■ **Your goal**: Leaving the pictures aside, transcribe the data below exactly.

─── Recorded information ───

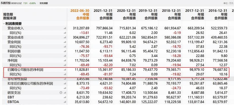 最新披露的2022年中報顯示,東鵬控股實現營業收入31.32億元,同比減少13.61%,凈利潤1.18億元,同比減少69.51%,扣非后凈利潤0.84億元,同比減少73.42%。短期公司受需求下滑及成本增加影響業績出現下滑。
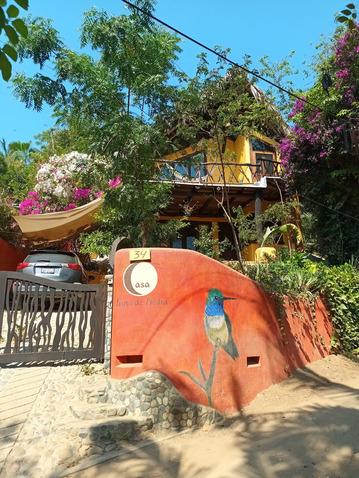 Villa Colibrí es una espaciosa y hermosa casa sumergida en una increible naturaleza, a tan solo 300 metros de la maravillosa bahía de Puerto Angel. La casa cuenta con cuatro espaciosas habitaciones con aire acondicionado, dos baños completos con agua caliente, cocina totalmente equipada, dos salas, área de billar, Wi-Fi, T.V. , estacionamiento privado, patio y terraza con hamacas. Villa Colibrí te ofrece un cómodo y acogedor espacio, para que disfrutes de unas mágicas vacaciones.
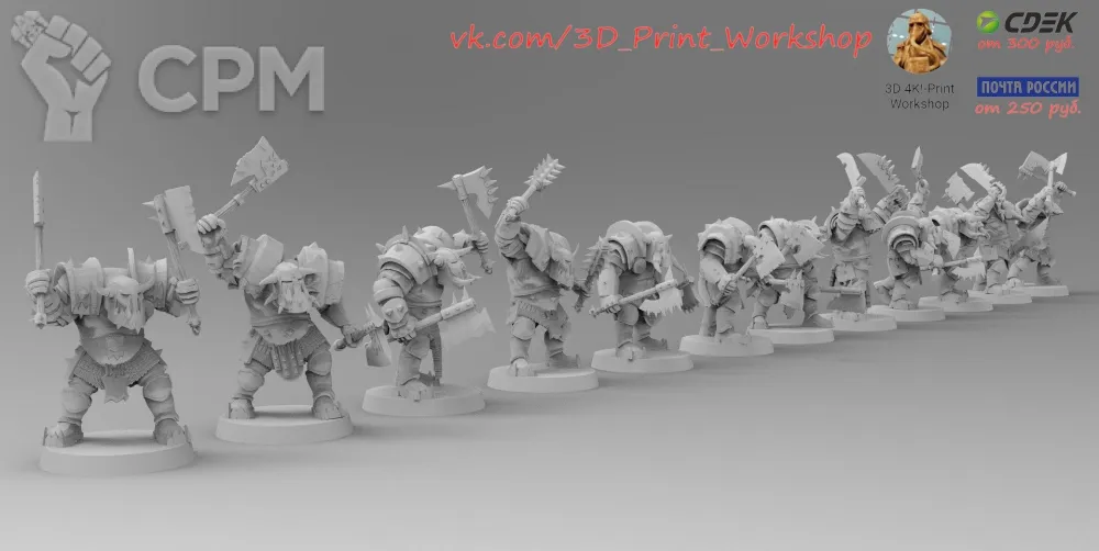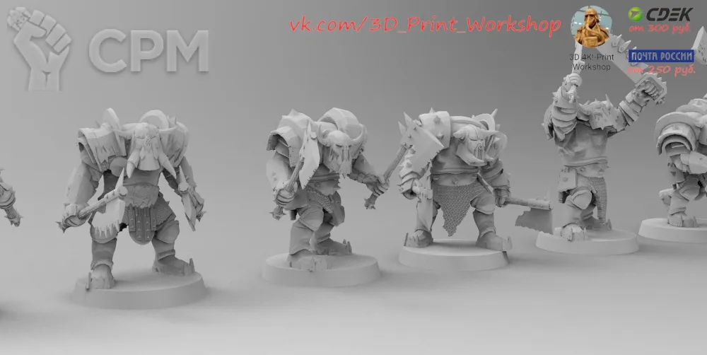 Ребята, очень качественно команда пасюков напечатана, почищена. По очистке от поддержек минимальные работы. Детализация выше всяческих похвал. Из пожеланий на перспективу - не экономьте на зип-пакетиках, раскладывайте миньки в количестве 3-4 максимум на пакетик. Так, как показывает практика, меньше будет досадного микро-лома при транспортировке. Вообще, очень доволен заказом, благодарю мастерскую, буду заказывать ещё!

───

■ **Exercise solution**:
 最新披露的2022年中報顯示,東鵬控股實現營業收入31.32億元,同比減少13.61%,凈利潤1.18億元,同比減少69.51%,扣非后凈利潤0.84億元,同比減少73.42%。短期公司受需求下滑及成本增加影響業績出現下滑。
 Villa Colibrí es una espaciosa y hermosa casa sumergida en una increible naturaleza, a tan solo 300 metros de la maravillosa bahía de Puerto Angel. La casa cuenta con cuatro espaciosas habitaciones con aire acondicionado, dos baños completos con agua caliente, cocina totalmente equipada, dos salas, área de billar, Wi-Fi, T.V. , estacionamiento privado, patio y terraza con hamacas. Villa Colibrí te ofrece un cómodo y acogedor espacio, para que disfrutes de unas mágicas vacaciones.
 Ребята, очень качественно команда пасюков напечатана, почищена. По очистке от поддержек минимальные работы. Детализация выше всяческих похвал. Из пожеланий на перспективу - не экономьте на зип-пакетиках, раскладывайте миньки в количестве 3-4 максимум на пакетик. Так, как показывает практика, меньше будет досадного микро-лома при транспортировке. Вообще, очень доволен заказом, благодарю мастерскую, буду заказывать ещё!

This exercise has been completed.